MicroRNAs (miRNAs or miRs) are a family of small non-coding RNA species that have been implicated in the control of many fundamental cellular and physiological processes such as cellular differentiation, proliferation, apoptosis and stem cell maintenance. miRNAs regulate gene expression by the sequence-selective targeting of mRNAs, leading to translational repression or mRNA degradation. Some microRNAs have been categorized as “oncomiRs” as opposed to “tumor suppressor miRs” Modulating the miRNA activities may provide exciting opportunities for cancer therapy. This review highlights the latest discovery of miRNAs involved in carcinogenesis as well as the potential applications of miRNA regulations in cancer treatment. Several studies have demonstrated the feasibility of restoring tumor suppressive miRNAs and targeting oncogenic miRNAs for cancer therapy using in vivo model systems.

Review

Introduction

In 1993, Lee and coworkers described that a small non-coding RNA was able to regulate the expression and function of another protein-coding RNA [1]. This change in paradigms has made a profound impact in our current understanding of gene regulation. miRNAs are usually 18–25 nucleotides long and highly conserved during evolution (reviewed in [2]) miRNA genes are generally transcribed by RNA polymerase II into long primary transcripts, up to several kilobases (pri-miRNA) [3]. These are subsequently processed in the nucleus by a microprocessor complex, which contains the RNase III enzyme Drosha [4] and DGCR8 [5] to become the so-called pre-miR (around 70 nucleotides long). These precursors are exported by exportin 5 and a RanGTP [6, 7] from the nucleus to the cytoplasm where they are bound to the RNase III enzyme Dicer and the RNA-induced silencing complex (RISC) [8]. RISC is composed of the transactivation-responsive RNA-binding protein (TRBP) and Argonaute 2 (Ago2) [9, 10]. Ago2 cleaves the pre-miRNA 12 nucleotides from its 3’ end and then the Dicer cleaves the Ago2-cleaved precursor miRNA into the double-stranded miRNA [11]. While the active mature strand is retained in RISC, the passenger strand is removed and degraded [12] miRNAs mainly bind to the 3’ untranslated region (UTR) of their target mRNAs. However, recent studies have reported that miRNAs also bind to 5’UTR [13], or open reading frame (ORF) [14] of the target mRNA. By binding to their target mRNA, miRNAs regulate the translation of proteins from mRNA or degrade the mRNA itself [911]. Depending on the degree of homology to their 3’UTR target sequence, miRNAs induce translational repression or degradation of mRNAs. miRNAs modulate gene expression impacting all cell functions, including apoptosis, proliferation, cell cycle, differentiation, stem cell maintenance and metabolism [15]. It is estimated that more than 1000 miRNAs are transcribed and that 30% of the human genome is under miRNA regulation, one miRNA being able to modulate post-transcriptionally hundreds of downstream genes.

MicroRNAs and cancer

More than half of the miRNAs genes are located in cancer-associated genomic regions or in fragile sites. Specific miRNA signatures have been associated with distinct subsets of solid tumors and hematological malignancies [15] miRNAs can act as tumor suppressors when their function loss can initiate or contribute to the malignant transformation of a normal cell. The loss of function of a miRNA could be due to several mechanisms, including genomic deletion, mutation, epigenetic silencing, and/or miRNA processing alterations [1619]. On the other hand, miRNAs can act as oncogenic microRNAs by targeting mRNAs encoding tumor suppressor proteins.

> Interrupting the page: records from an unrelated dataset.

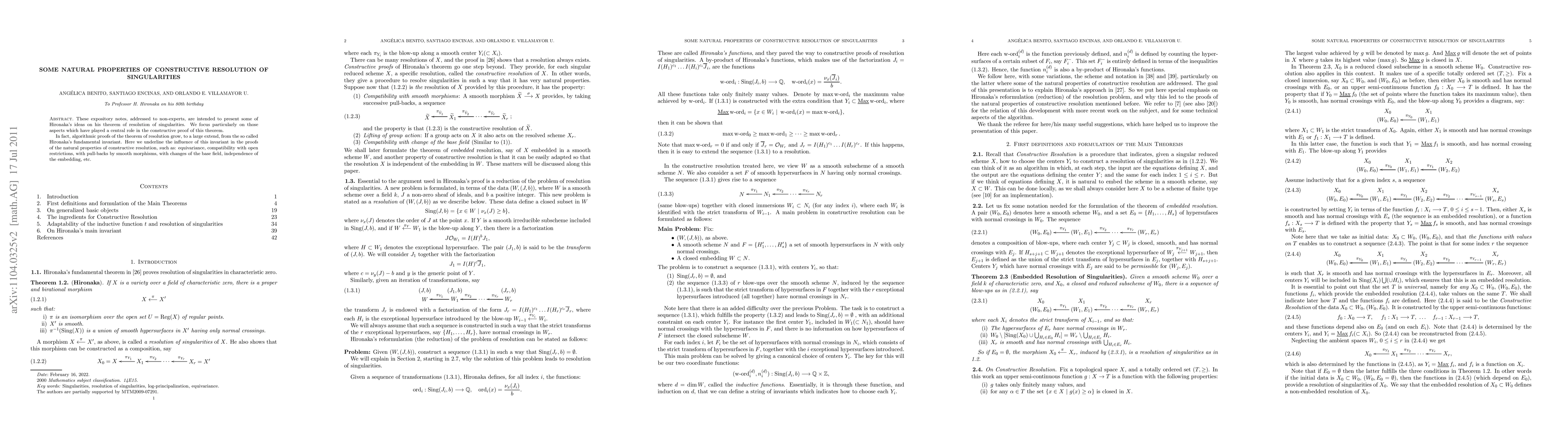 This paper introduces Hironaka's theorem on resolution of singularities, emphasizing its constructive proof aspects. It highlights the role of Hironaka's fundamental invariant in demonstrating natural properties like equivariance and compatibility with various transformations.
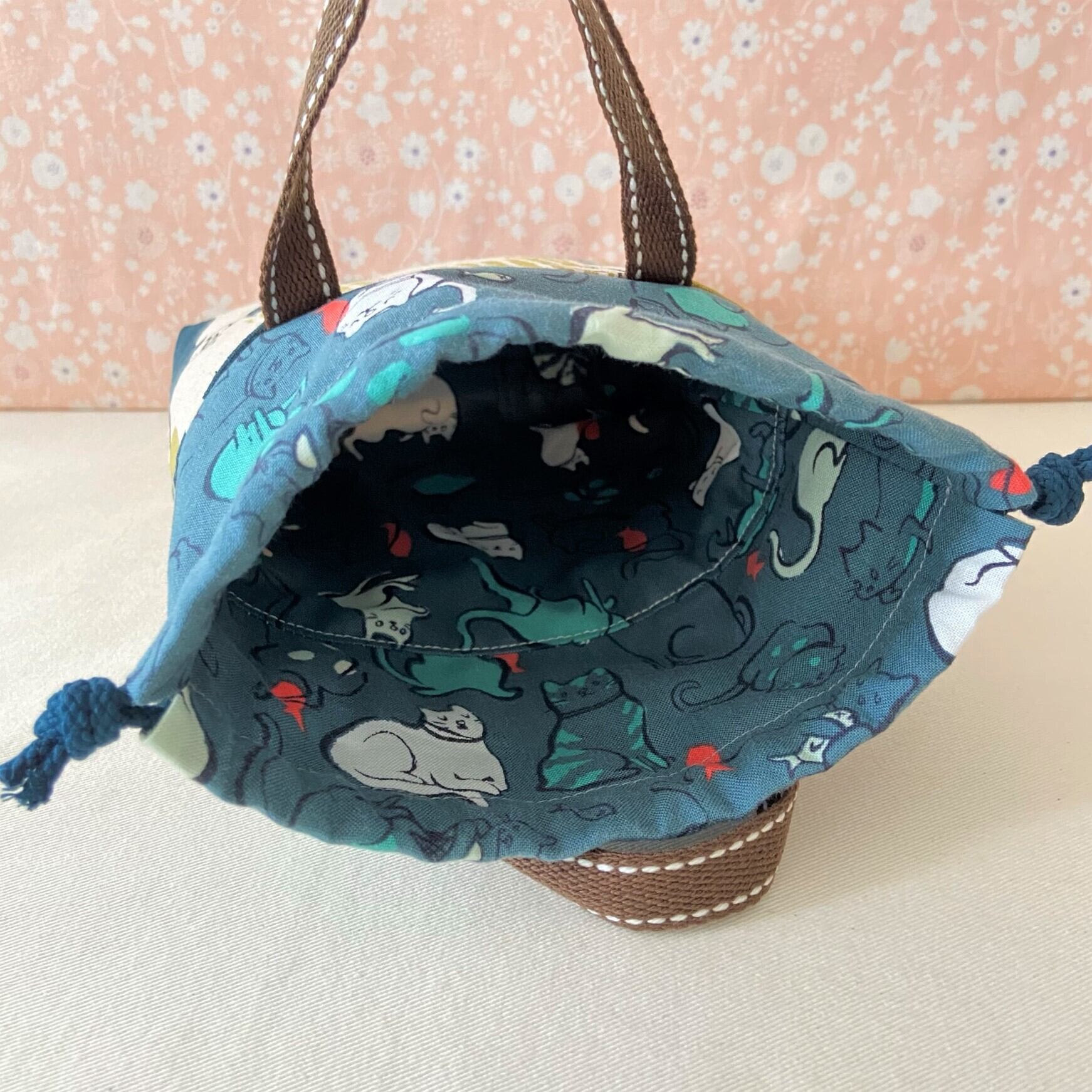 巾着布の部分にも猫柄布を使い、2種類の猫柄を組み合わせました。
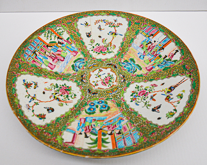 Antico piatto in porcellana policroma, famiglia rosa, con decori a scene d'interni alternati a soggetto naturalistico.
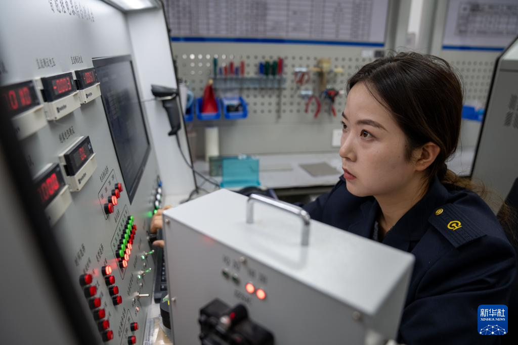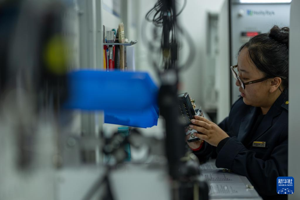 1月6日,拉薩基礎(chǔ)設(shè)施段電務(wù)專修車間繼電器檢修工區(qū)的信號工德吉卓瑪在檢測繼電器。新華社記者 旦增尼瑪曲珠 攝

The let-7 family of miRNAs is a typical tumor suppressor and is therefore downregulated in many tumors, including lung and breast cancer [20, 21]. Many of the let-7 family members are located in fragile genomic areas associated with lung, breast, and cervical cancer [22]. Furthermore, let-7 family members functionally inhibit the mRNAs of well-characterized oncogenes, such as RAS [23, 24], HMGA2 [25], and c-Myc [26]. The miR-29 family comprises three isoforms arranged in two clusters: miR-29b-1/miR-29a in chromosome 7q32 and miR-29b-2/miR-29c in chromosome 1q23. miR-29 family members have been shown to b downregulated in chronic lymphatic leukemia (CLL), acute myeloid leukemia (AML), lung cancer, breast cancer, and cholangiocarcinoma [17, 20, 21, 27, 28].

miR-155 was one of the first described oncogenic miRNAs [29, 30] and it is highly expressed in a variety of tumors [17, 20, 21, 2831]. The miR-155 gene is located in chromosome 21q23 embedded in a host noncoding RNA named the B cell integration cluster (BIC) [32]. BIC is known to cooperate with c-Myc in oncogenesis. Another widely expressed miRNA in hematopoietic and solid tumors is miRNA-21 [17, 28, 31, 3335] miR-21 targets several tumor suppressor genes such as phosphatase and tensin homolog (PTEN) [34], programmed cell death 4 (PDCD4) [36], and tropomyosin 1 (TPM1) [37]. The miR-17-92 cluster (miR-17, miR-18a, miR-19a, miR-20a, miR-19b-1, miR-92-1) is located at 13q31.3 in a region that is frequently amplified in follicular lymphoma and diffuse large B cell lymphoma [38]. Members of the miR-17-92 cluster are highly expressed in a variety of solid tumors and hematological malignancies [39], Interestingly, the miR-17-92 cluster is transactivated by c-Myc, a frequently activated oncogene in cancer [40].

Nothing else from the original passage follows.